The LLM context makes the cost of imprecision visible in a way that writing code yourself did not. An experienced developer who writes a vague spec produces code that mostly works because they carry the missing precision in their head. A model generating from the same vague spec produces code that compiles and runs and silently does the wrong thing. The feedback loop is faster and more painful, which turns out to be useful.

Where the Gradient Flattens

The thesis has real limits worth naming.

Performance is one. A spec that says “return the shortest path between two nodes” is precise about correctness but says nothing about whether to use Dijkstra, A*, or Bellman-Ford, or how to handle graphs with millions of nodes. Correctness and efficiency are orthogonal specifications, and the efficiency specification is considerably harder to write formally. Liquid Haskell and Dafny can encode complexity bounds in some cases, but this remains research territory for most practical applications.

Concurrency is another. The Go memory model and the C++ memory model are both precise and published specifications. Writing code that correctly implements them is still genuinely difficult, partly because the specifications describe guarantees the hardware provides under conditions that are hard to reason about compositionally. TLA+ handles this better than most tools, which is exactly why AWS uses it for distributed protocol design.

There are also requirements that resist formalization: “the interface should feel responsive,” “the error message should be helpful.” Converting these into formal specs requires making choices about what “responsive” and “helpful” mean, choices that embed assumptions about users and contexts.

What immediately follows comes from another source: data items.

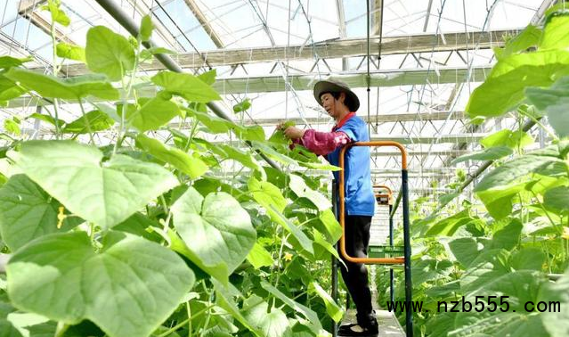 務工人員在甘肅省白銀市白銀區現代農業科技示范園區管護蔬果。
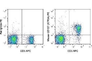 - The A7R34 antibody is specific for mouse CD127, a 60-90 kDa cell surface protein also known as the Interleukin-7 Receptor alpha chain, or IL-7R alpha. CD127 is typically expressed at the cell surface as a heterodimer with the common gamma chain (CD132). This complex acts as the functional receptor for IL-7, a cytokine important in T and B cell development, and in mature T cell homeostasis. A second cytokine known as Thymic Stromal Lymphopoietin (TSLP) also binds to a receptor complex of CD127 and the TSLPR chain to trigger activation of dendritic cells, and is involved in B cell development, allergy and autoimmunity.The A7R34 antibody may be used as a phenotypic marker for CD127 on immature B cells, on subsets of thymocytes which are double negative (CD4-CD8- ) or single positive (CD4+ or CD8+), and at low levels on mature, peripheral T cells. CD127 is a key marker, when used in combination with CD4 and CD25, to distinguish Treg and effector/memory Treg populations known as T(REM).
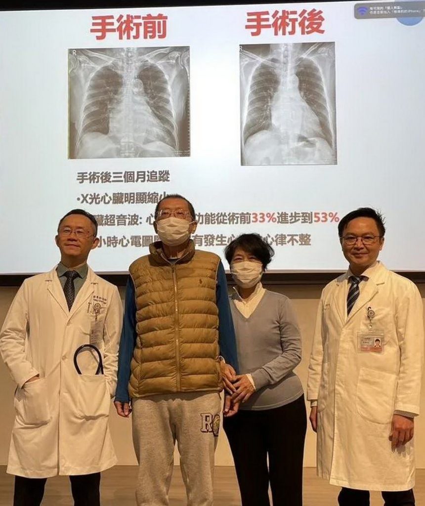 陳男術後1個月追蹤顯示,心臟收縮功能由原本32%提升至53%,瓣膜逆流消失,24小時心電圖亦未再出現心室性心律不整,恢復日常生活。陳男表示,身體狀況比手術前更好;陳太太回憶從機上驚魂到返台治療的過程,對醫療團隊的專業與細心深表感謝與安心。
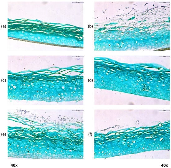 Microscope acquisitions of non-colonized and colonized RHE tissues were obtained for the different experimental arms (Figure 3). No staining was observed in the acquisition of the NC (Figure 3a), while a massive staining was observed in the acquisition of CNA (Figure 3b), confirming the presence of T. rubrum in the model. Fungi were visually less present on the colonized-RHE with one daily UDN application on the bovine nail (Figure 3c) and on the colonized-RHE with one daily EXlor application on the bovine nail (Figure 3d) as compared to CNA. In contrast, fungi were visualized on the colonized RHE with one daily PDermP application on the bovine nail (Figure 3e) and on the colonized RHE with one daily PdermP + PdermB application on the bovine nail (Figure 3f).

Some of those choices can be stated explicitly; others remain irreducibly informal.

The Practical Upshot

The useful takeaway from Gonzalez’s argument is not that everyday software needs proof assistants. It is that the gap between specification and implementation is a gradient, and you can move along it deliberately. The tools span a wide range of cost and rigor: a TypeScript interface, a Zod schema, a QuickCheck property suite, a Liquid Haskell annotation, a TLA+ model, a Lean proof. Each step up that gradient makes more of your specification machine-checkable and less dependent on programmer attention at review time.

When you write a comment describing what a function should do, you can ask whether that comment could be a type annotation, a property test, or a precondition instead. Not every informal description translates cleanly, but more do than most codebases reflect. Each conversion moves the spec closer to the code and leaves something that can be checked mechanically rather than re-read carefully at each change.

The threshold where spec becomes code is not fixed; it depends on the tools available. Better type systems, better property testing frameworks, and better verification tooling all lower it. The argument has been available since Eiffel; the tools to act on it have been getting steadily better. The gradient has always been there. What changes is how far up it you can afford to go, and with LLM-generated code, how much it costs when you stop too early.